I would love to be the drummer for My Bloody Valentine or the Stooges. Maybe a KISS reunion tour with all original members and me as Peter Chriss.
A Patty Schemel--KISS reunion! I'll call my friends at Live Nation. Did you ever get a chance to meet a childhood hero that was a jerk once you met them?
Gene Simmons, actually. I was like, what?
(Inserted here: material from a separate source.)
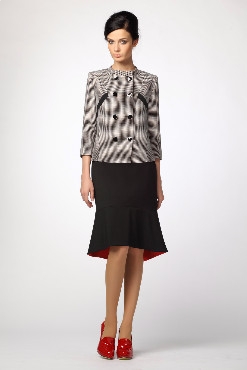 Костюм, состоящий из жакета и юбки. Жакет полуприлегающего силуэта из ткани "гусиная лапка" с двухбортной застежкой. Юбка с воланом по низу из однотонной костюмной ткани с контрастной подкладкой.
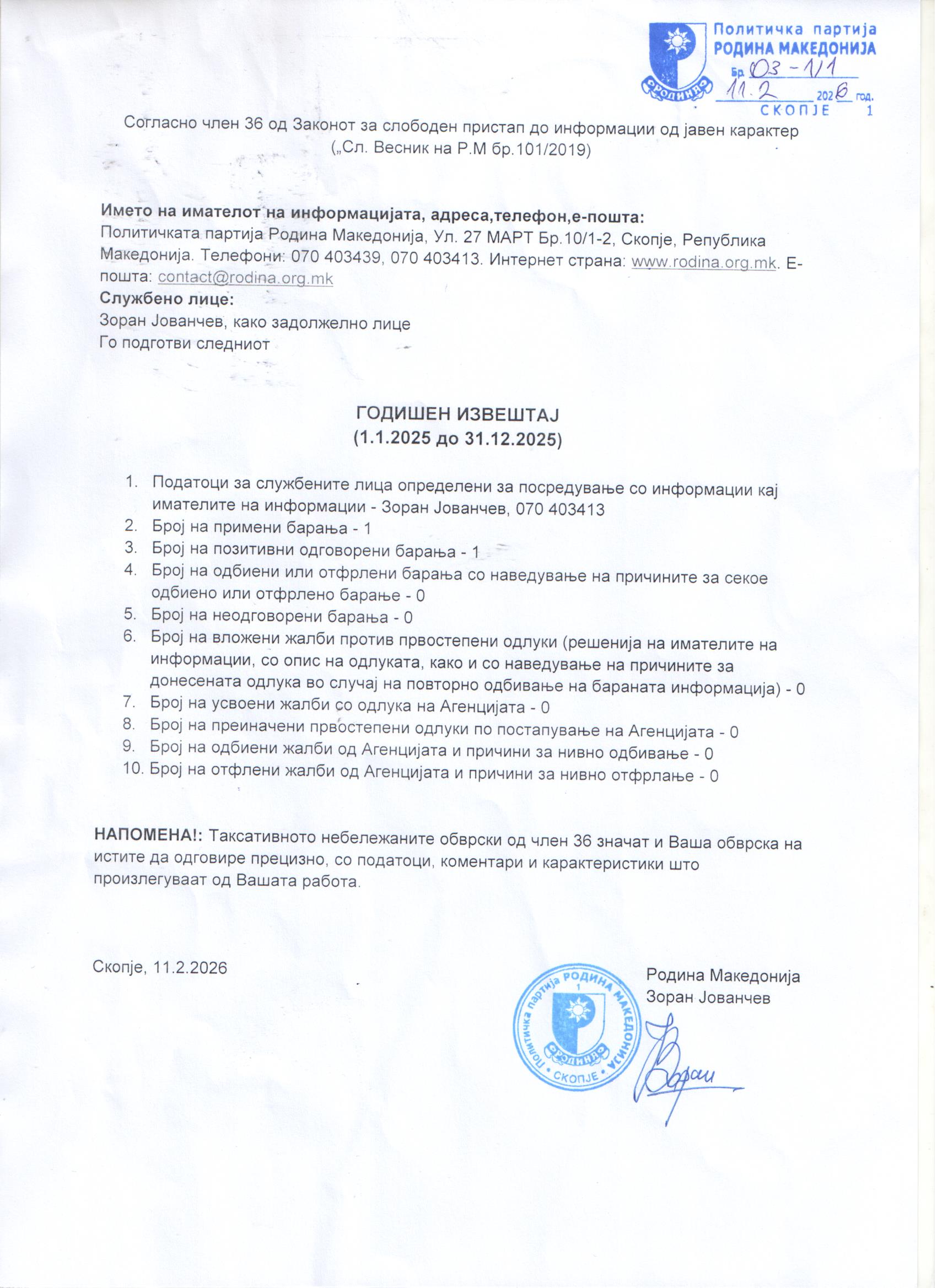 - Годишен извештај-Слободен пристап до информации од 1.1.2024 – 31.12.2024

He was real ass-handy, and "chicks 'n' tits" -- I guess I always thought that was more of a stage persona, but not so much.
Have you been approached to appear on any reality TV shows? Can we expect to see you on Dancing with the Stars any time soon?
I did do a little thing for that show Sober House [with Dr. Drew]. I just came in really quick and talked about being a musician who's clean now, but yeah, any offers are always about sobriety, or how I work with dogs now. But I would never. It just seems so invasive, and the way you're portrayed I'm sure is not at all what you're like in real life, and the editing definitely exploits certain things, which is scary. It's like, "Here's some Ed Hardy clothes, they really want you to wear this Ed Hardy stuff, could you do that? It would be great." No thanks.
Will Hole ever get back together? Pretty please?
I wouldn't... Only if Eric and Melissa were involved.
Note: Just three days after this interview, the original Hole lineup did reunite for the first time in 15 years, for two impromptu songs at an afterparty for Patty's film screening in Brooklyn. I take full responsibility for planting that seed -- you're welcome.
Hit So Hard premieres in SF with Patty Schemel, Hole guitarist Eric Erlandson, and filmmaker P. David Ebersole on Friday, April 27 at the Roxie Theater.